Euro treaty needs updating, says ECB's Bini Smaghi
The euro currency treaty needs updating to take account of the financial crisis, European Central Bank (ECB) Executive Board member Lorenzo Bini Smaghi said in an interview on Sunday.
 
Possible changes to the Maastricht Treaty include lowering the budget deficit limit of 3% of gross domestic product (GDP), he told La Stampa daily.                                            

"The public deficit limit established by the Maastricht Treaty, 3% of GDP, was calibrated on average economic growth of 3% a year. In the outlook for coming years the euro area can reach growth of about half that. So that figure needs to be changed," he said.

"The 3% limit gets lowered. The accounts should tend to be balanced."                                           

He added that serious European budget tightening would begin in 2011.                                           

Bini Smaghi said each euro zone country should "internalise" changes on its own.                                           
 
"Otherwise leaders will have the easy way out of saying, ''We're cutting the budget because Europe is making us'', and Europe will become even more unpopular with its citizens."                    
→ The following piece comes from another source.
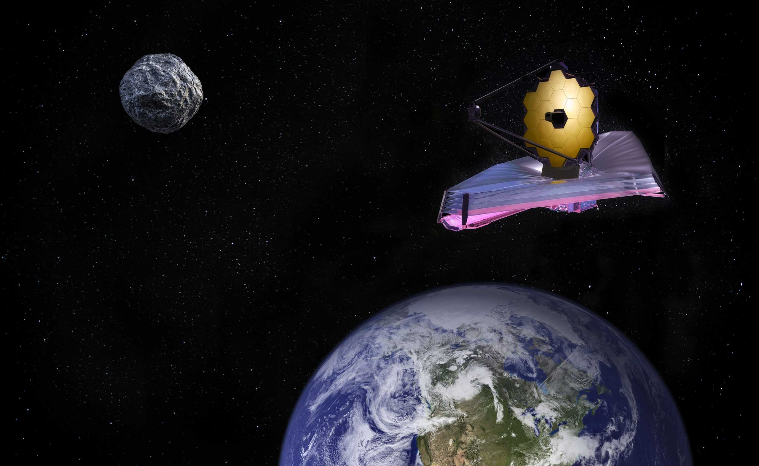 Astrônomos receberam autorização emergencial de direito de tempo de observação do Telescópio Espacial James Webb para analisar o asteroide que representa maior risco de colisão com a Terra atualmente. Créditos: 24K-Production - Shutterstock (fundo/James Webb). Inserção de elementos: Olhar Digital. Terra e asteroide sob licença de Creative Commons.

Asked if the euro was out of danger, he said: "The euro was never in danger. The people who were betting against it are seeing it in their own accounts, they are losing a lot of money."                   

Bini Smaghi said: "The euro was not and is not the problem. It was the economic policies of some countries. Their behaviour was not in line with participation in the single currency."         

He said Germany's economy, the biggest in the euro zone, could grow more by liberalising its services sector than by increasing public spending.                                            

Bini Smaghi said aid to euro zone countries in trouble had not been a burden to Germany.                                           
 
"But we need to be ready for temporary aid that allows a country in trouble to get on its feet. And in future we must have rules, as much as possible automatic, that allow divergent policies to be blocked.                                           

"That is why the ECB is calling to strengthen the proposals by EU president Herman Van Rampuy to modify the (euro zone) stability pact."